Comment se poser les bonnes questions lorsque l’on est sur un modèle mathématique peu flexible comme peut l’être un algorithme ?

À la différence des professionnels ayant un parcours issu du trading qui ont une très bonne idée des impacts que peuvent avoir les flux sur le marché, nous venons du secteur académique avec une activité qui s’appuie sur des recherches publiées. Nous les analysons afin de savoir si elles pourraient potentiellement être adaptées au marché, en testant leur mise en pratique. L’idée n’est pas d’ajouter un signal équivalent à ce que nous possédons déjà, mais d’amener une valeur ajoutée. Nous stockons beaucoup d’informations (prix passés, données de bilan, etc.), par conséquent il est très simple et rapide d’ajouter une source ou un signal lorsque ce dernier a été testé.

"On ne prétend pas qu’il est simple de battre les marchés

Comment votre activité se distingue de la gestion indicielle ?
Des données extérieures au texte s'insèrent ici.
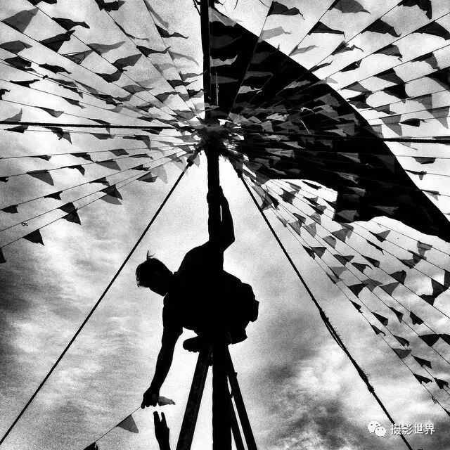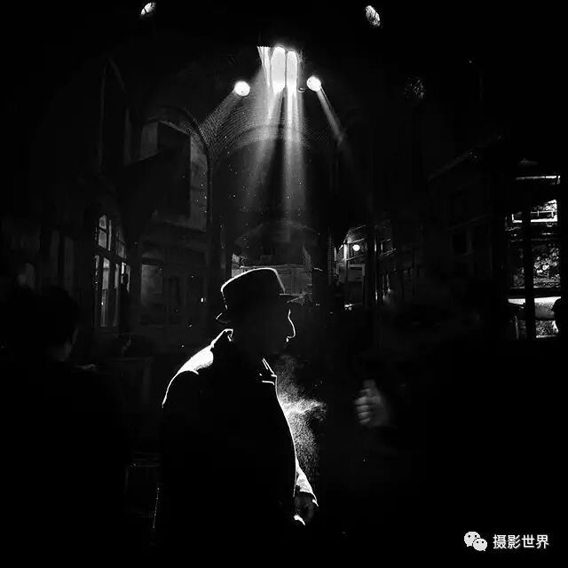 强烈的黑白对比使照片的情绪更剧烈,大范围的暗部则赋予了照片更强的故事性和神秘感。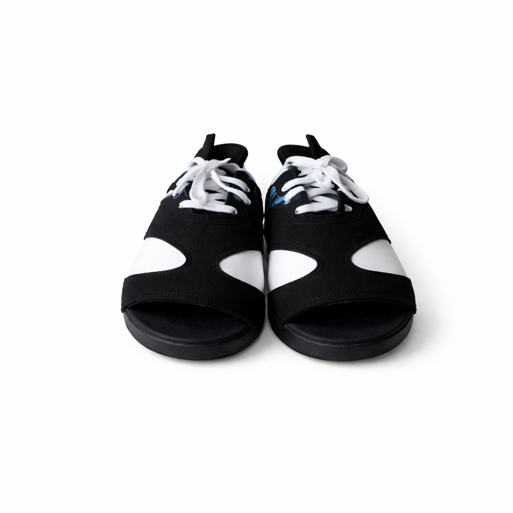 صندل أسود مريح بنعل سميك وأحزمة متينة

Contrairement à la gestion indicielle qui a pour postulat que les prix reflètent immédiatement les informations disponibles sur le marché, nous estimons que l’information est intégrée dans les prix, mais pas de manière immédiate car les investisseurs ne sont pas toujours rationnels. Selon moi, les investisseurs ont tendance à surréagir ou sous-réagir à certaines informations. Ces comportements créent des opportunités de profit générés par l’utilisation systématique de nombreuses informations. En conséquence, ces deux modes de gestion sont diamétralement opposés. On ne prétend pas qu’il est simple de battre les marchés, mais il y a tout de même des comportements récurrents de la part des investisseurs qui entraînent des distorsions de prix qui sont exploitables.

Comment faites-vous pour implémenter les biais comportementaux dans vos solutions ?

Lorsque nous analysons le marché, il est essentiel de comprendre les éléments ayant été à l’origine de la performance, et les types d’informations qui peuvent permettre de battre l’indice. Par exemple, le marché connaît des effets momentum.  Les titres ayant surperformé par le passé continuent à surperformer dans les mois qui suivent et inversement pour les sociétés qui ont sous-performé. Ce type de stratégie génère des profits car les investisseurs ont tendance à extrapoler les prix futurs à partir des prix passés. De plus il n’est pas rare que des investisseurs réagissent avec un certain retard aux informations financières. Par conséquent, l’information financière ne se répand que de manière graduelle dans le prix. Ce sont ces types de biais comportementaux que nous cherchons à exploiter de manière systématique.

Votre stratégie doit-elle être utilisée en coeur de portefeuille ou à titre de diversification ?

Notre philosophie consiste à n’avoir que des portefeuilles diversifiés. Nos objectifs de rentabilité se concentrent entre 5 % et 7 %, avec une volonté de décorrélation par rapport aux marchés d’actions et d’obligations. Malgré les difficultés que rencontrent les marchés actions, cela permet à des fonds tels que le fonds long short « Oyster Equity Premia » d’être légèrement positif.

Crypto-monnaies : sujet d’avenir ou simple tendance ?

Les crypto-monnaies présentent un intérêt limité pour la construction de portefeuilles diversifiés. En effet, les crypto-monnaies ont tendance à baisser en même temps que les actions. Elles restent donc - pour le moment - des instruments de spéculation, encore trop liées à des actifs risqués. Néanmoins, iol est légitime de penser qu’à moyen terme, ces technologies (blockchain) seront source de changements notables.

Un message pour le marché ?

Désormais, les investisseurs doivent adopter une logique tournée vers le long-terme, notamment concernant l’allocation d’actifs. Depuis 2008, les investisseurs travaillant avec une vision moyen ou long terme sont peu nombreux sur le marché. Par ailleurs, une évolution de la gestion doit être anticipée. En effet, les obligations d’État, qui servaient pendant longtemps de parachutes avant que les taux n’atteignent un niveau aussi bas, ne permettent plus aux gérants possédant des portefeuilles équilibrés (50% actions – 50% obligations) de protéger leur capital lors des difficultés du marché. Il devient nécessaire de se tourner vers des solutions innovantes.